Data below:
________________________

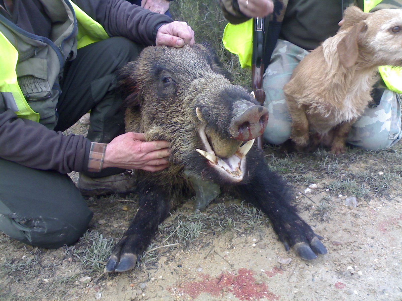 Hacerte con un jabalí grande siempre es una satisfacción porque no es frecuente y la emoción de un animalote en el visor ya es digna de recordar; pero el que más me gustó fue el de esos colmillos pequeños que he puesto arriba porque el lance tiene una historia sencilla pero emocionante desde mucho antes del disparo y de cobrarlo hasta bastante rato después.
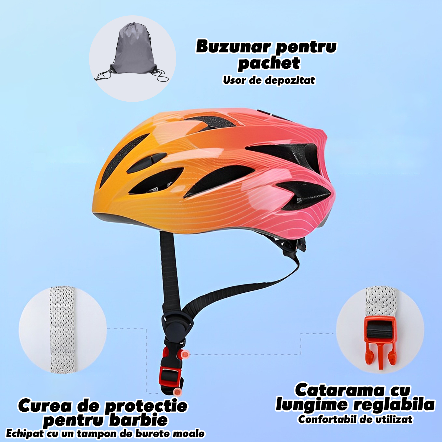 Casca Protectie Bicicleta, 52-58cm, pentru Copii 3-8 Ani, cu Sac de Depozitare, Ventilata, Securitate, pentru Bicicleta/Skateboard
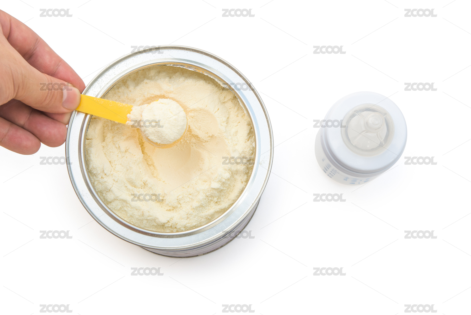 用量勺从奶粉罐中舀取婴儿配方奶粉
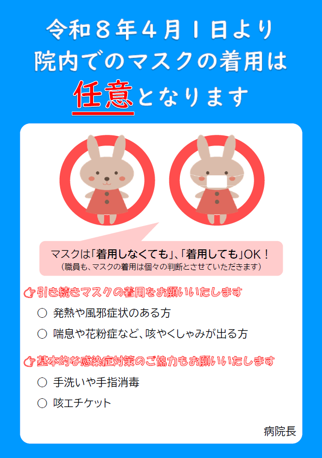 令和8年4月1日から、院内でのマスク着用は任意とさせていただきます。また、職員もマスクの着用は個々の判断とさせていただきますので、ご理解のほど何卒よろしくお願いいたします。【引き続きマスクの着用をお願いいたします】○発熱や風邪症状のある方○喘息や花粉症など、咳やくしゃみが出る方

________________________

Work order:
Would you please write out exactly the lines between the line containing "Casca Protectie Bicicleta, 52-58cm, pentru" and the last line of the listing above, inclusive, without pictures?

Task result:
 Casca Protectie Bicicleta, 52-58cm, pentru Copii 3-8 Ani, cu Sac de Depozitare, Ventilata, Securitate, pentru Bicicleta/Skateboard
 用量勺从奶粉罐中舀取婴儿配方奶粉
 令和8年4月1日から、院内でのマスク着用は任意とさせていただきます。また、職員もマスクの着用は個々の判断とさせていただきますので、ご理解のほど何卒よろしくお願いいたします。【引き続きマスクの着用をお願いいたします】○発熱や風邪症状のある方○喘息や花粉症など、咳やくしゃみが出る方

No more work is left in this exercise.